Author: Zhiyun
Why do we need to locate the problem of pressure measurement?
Performance Testing Service (PTS) is a SaaS stress testing platform with powerful distributed stress testing capabilities. It can simulate the real business scenarios of a large number of users and comprehensively verify the performance, capacity and stability of business sites.
In the process of continuously measuring the water level of the pressured server, we can see more comprehensive pressure measurement indicators from the pressure measurement view or pressure measurement report, such as QPS, RT, TPS, etc., but only from these indicators , it is not possible to quickly locate the specific problem of the server. For example, we can see the response body of the interface corresponding to the error code from the error information center of the whole scene, but which link in the downstream is wrong, and the wrong stack What is it, you can't see it from the report alone, and what is wrong in the downstream of the interface and what is the error stack are exactly what users care about.
With the help of problem diagnosis, we can clarify the upstream and downstream calls of the pressed interface. At the same time, from the link view, we can see the message components (Kafka, RocketMQ, etc.), caches (Redis, MongoDB, etc.) that the entire link passes through. etc.), database (MySQL, Oracle, etc.), RPC call (Feign, Dubbo, HttpClient, etc.), for example, if an interface has abnormal status code or other errors, then we can see from the call chain that it is an Rpc call If there is a problem, there is a problem with the database read and write, and the corresponding error stack can be seen from the call chain.
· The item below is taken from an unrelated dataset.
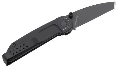 The Extrema Ratio® BF1 has a blued Boehler N690 steel (58HRC) blade with liner lock detent, a flat grind and a thick, durable tip. The handle has characteristically lowered flat areas in the handle and pins that do not protrude from the knife. The replaceable clip is located on the back and allows the knife to be carried discreetly. The BF1 can be completely disassembled for maintenance.

Based on this information, it is relatively clear where the problem should be located.
Basic introduction and core advantages of problem diagnosis
basic introduction
When it comes to problem diagnosis, users are mainly concerned about whether access problem diagnosis requires a series of modifications to the application-side code, whether complex configuration is required, and so on. The problem diagnosis provided by PTS is based on JavaAgent, and does not require business code modification on the user side. For the Tomcat-based deployment method, users only need to add some necessary parameters to the startup script to access problem diagnosis; for Kubernetes users, users only need to You need to add some necessary annotations to the Yaml configuration file to access problem diagnosis. For the collection rules of links, PTS will provide the default configuration, and users can also change them according to their own needs.
PTS integrated problem diagnosis During the stress testing process, for each request, a TraceId will be generated on the stressing engine side, and the upstream and downstream links involved in the request will be associated with the TraceId. Users can see the request from the request. As an entry to the complete call chain involved in the end of this request, at the same time, problem diagnosis will generate a corresponding application topology view for the call chain, allowing users to clearly see the call relationship between applications.
For abnormal interfaces, we can see the corresponding error causes in the call chain. At the same time, users can troubleshoot and optimize server-side problems according to the specific error stack. During the stress test, users can view the call chain of the specified request in real time. At the same time, after the stress test is completed, the problem can also be traced back from the stress test report.
core advantages
1. Zero code intrusion: Java-type services, the user side can complete the probe access for problem diagnosis without modifying the business side code.
2. High integration: pressure measurement, monitoring, and problem diagnosis are integrated in the same console, with relatively low user understanding and operating costs.
3. Full monitoring indicators: provides interface, machine, and application-level monitoring for each service in addition to basic monitoring indicators during the stress measurement process.
4. Low threshold: only needs simple configuration parameters to complete the access to the problem diagnosis probe. At the same time, the probe also has functions such as multi-protocol mocking and full-link pressure testing.
Quickly play the problem diagnosis
The basic flowchart for diagnosing access problems is as follows:
Access the probe and check whether the access is successful
First, we will sort out the applications involved in the under pressure scenario, and follow the steps in the [Problem Diagnosis] -> [Probe Access [1] ] document for all the applications involved to perform problem diagnosis and probe access. . We can check whether the application probe is successfully connected in the application configuration of the PTS console or any one of application monitoring, interface monitoring, and machine monitoring. The stress test scenario we demonstrate this time involves five applications, namely petstore-web, petstore-user, petstore-order, petstore-catalog, and petstore-cart. This is an example of application monitoring to check whether the application is successfully connected. Click [Problem Diagnosis] in the PTS console -> [Application Monitoring [2] ] -> select the Region and Namespace we configured, if you see that all the applications involved in the stress test scenario are on this page, it means the application Access is successful.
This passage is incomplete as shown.